== What you will do ==
Pictures excluded, return the lines below from the first through the line holding "set da vino".

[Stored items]
.....

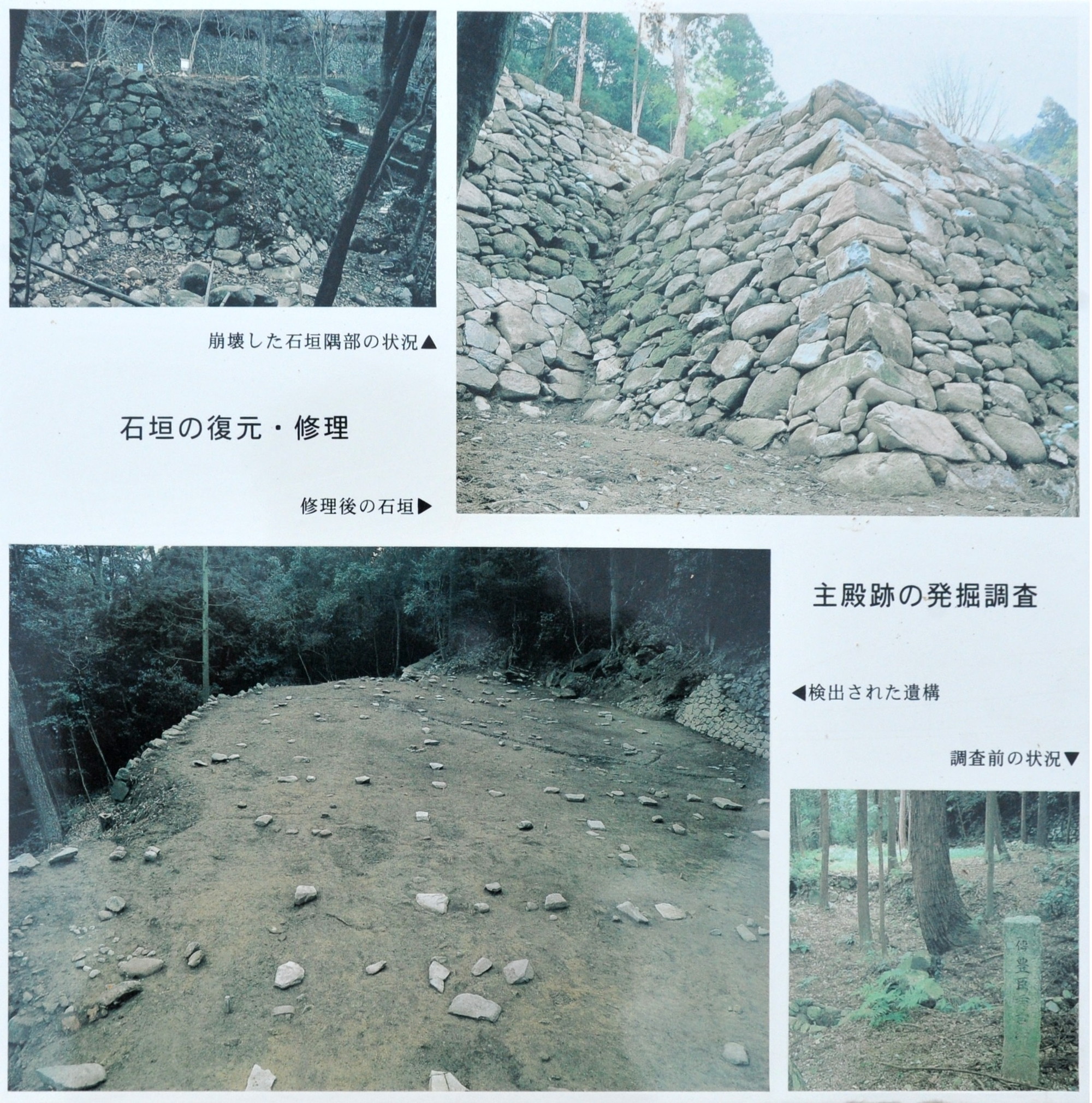 昭和15・16年(1940・41)に天主跡と本丸跡の発掘調査と整備が行われ、昭和35年? 50年(1960?1975)にわたって主郭部の石垣修理が行われました。昭和57・58年には信長400回忌にあわせて城跡南面の平面整備が行われています。そして、平成元年度(1989)から安土城跡を将来にわたって永く保存し、広く活用することを目的として『特別史跡安 土城跡調査整備事業』が20年計画で行われています。
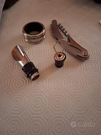 set da vino composto da: Cavatappi a leva, Tappo versatile, Anello salvagoccia, Tappo ermetico
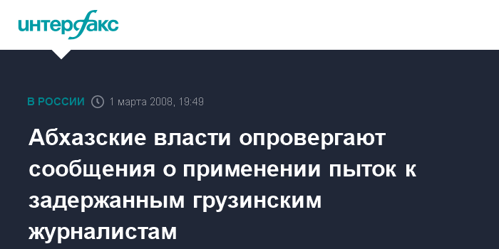 Сухуми. 1 марта. ИНТЕРФАКС - Центр общественных связей Службы госбезопасности (СГБ) Абхазии назвал недостоверной информацию грузинских СМИ о том, что задержанных сотрудников грузинской телекомпании пытают и избивают в изоляторе в Сухуми.
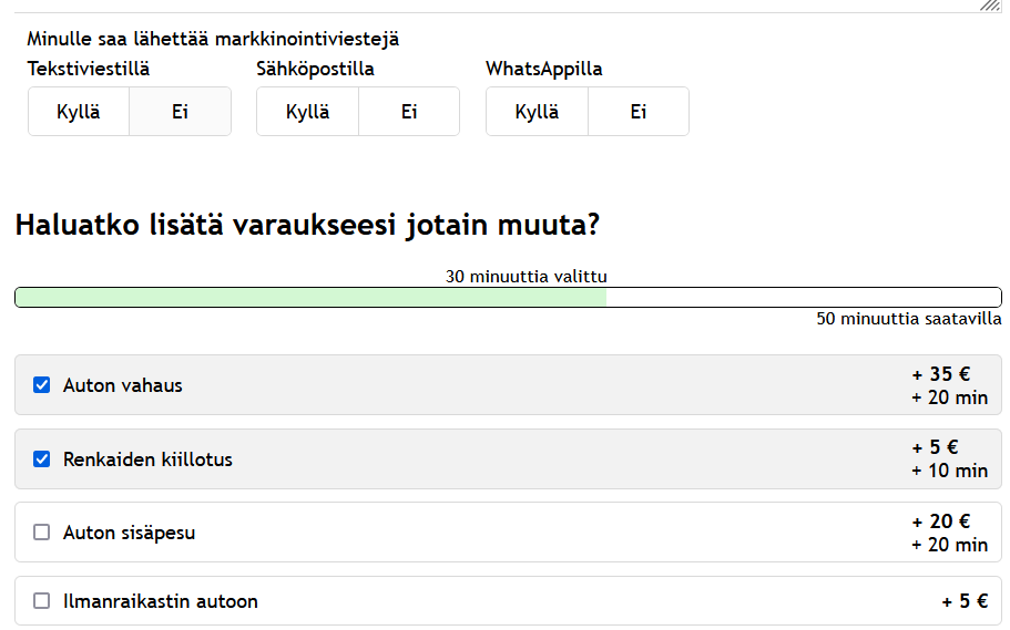 Internet-ajanvarausjärjestelmän asiakaspuolen varaussivulla asiakkaalle on nyt myös mahdollista rastittaa varauksen j...
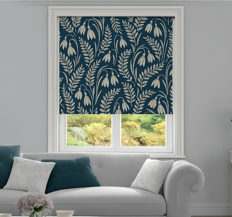 Cortina roller nórdico flores de campanilla beige navy

.....

== Answer section ==
 昭和15・16年(1940・41)に天主跡と本丸跡の発掘調査と整備が行われ、昭和35年? 50年(1960?1975)にわたって主郭部の石垣修理が行われました。昭和57・58年には信長400回忌にあわせて城跡南面の平面整備が行われています。そして、平成元年度(1989)から安土城跡を将来にわたって永く保存し、広く活用することを目的として『特別史跡安 土城跡調査整備事業』が20年計画で行われています。
 set da vino composto da: Cavatappi a leva, Tappo versatile, Anello salvagoccia, Tappo ermetico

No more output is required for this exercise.